***** Records provided *****

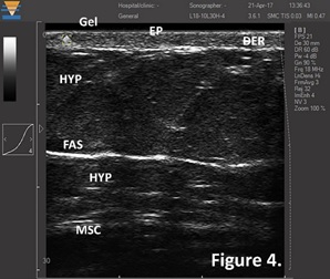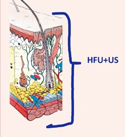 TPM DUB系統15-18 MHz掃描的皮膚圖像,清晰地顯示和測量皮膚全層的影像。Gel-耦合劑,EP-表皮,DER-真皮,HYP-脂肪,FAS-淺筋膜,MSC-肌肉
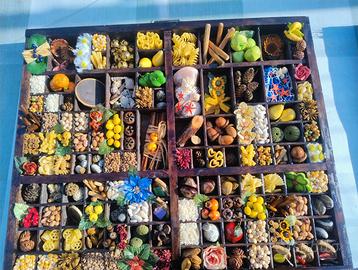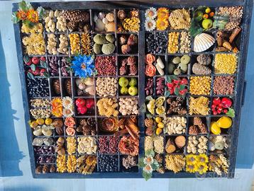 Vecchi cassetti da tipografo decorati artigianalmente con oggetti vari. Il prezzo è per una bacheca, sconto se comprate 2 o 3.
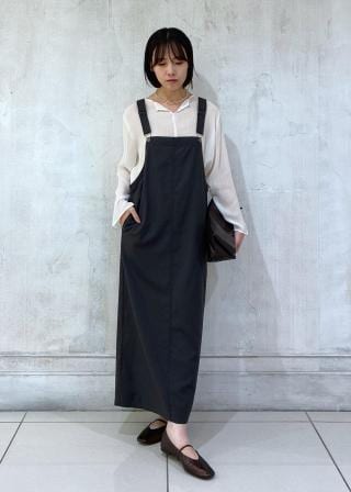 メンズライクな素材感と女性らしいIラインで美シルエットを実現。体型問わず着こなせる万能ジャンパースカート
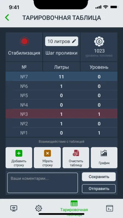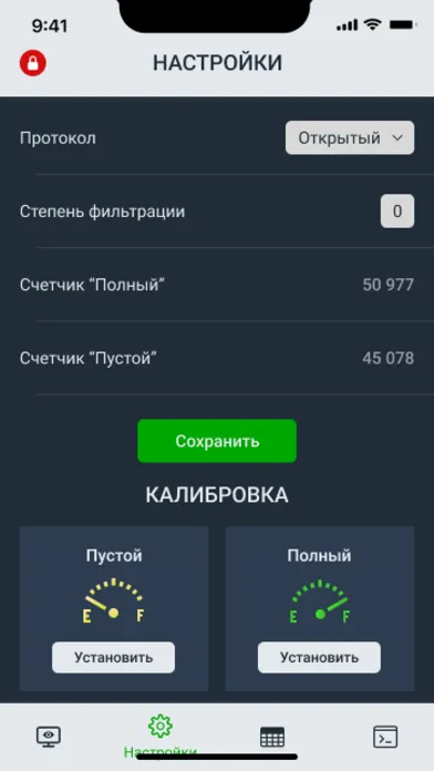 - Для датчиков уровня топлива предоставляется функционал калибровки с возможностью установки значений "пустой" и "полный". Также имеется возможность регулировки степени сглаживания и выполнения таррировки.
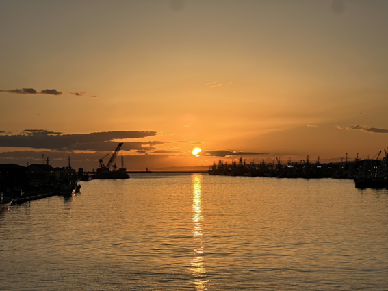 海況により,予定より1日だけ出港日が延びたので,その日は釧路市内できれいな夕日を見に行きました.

*****

> _The problem_
Write out the entries above verbatim; the pictures do not belong in your copy.

> _Worked solution_
 TPM DUB系統15-18 MHz掃描的皮膚圖像,清晰地顯示和測量皮膚全層的影像。Gel-耦合劑,EP-表皮,DER-真皮,HYP-脂肪,FAS-淺筋膜,MSC-肌肉
 Vecchi cassetti da tipografo decorati artigianalmente con oggetti vari. Il prezzo è per una bacheca, sconto se comprate 2 o 3.
 メンズライクな素材感と女性らしいIラインで美シルエットを実現。体型問わず着こなせる万能ジャンパースカート
 - Для датчиков уровня топлива предоставляется функционал калибровки с возможностью установки значений "пустой" и "полный". Также имеется возможность регулировки степени сглаживания и выполнения таррировки.
 海況により,予定より1日だけ出港日が延びたので,その日は釧路市内できれいな夕日を見に行きました.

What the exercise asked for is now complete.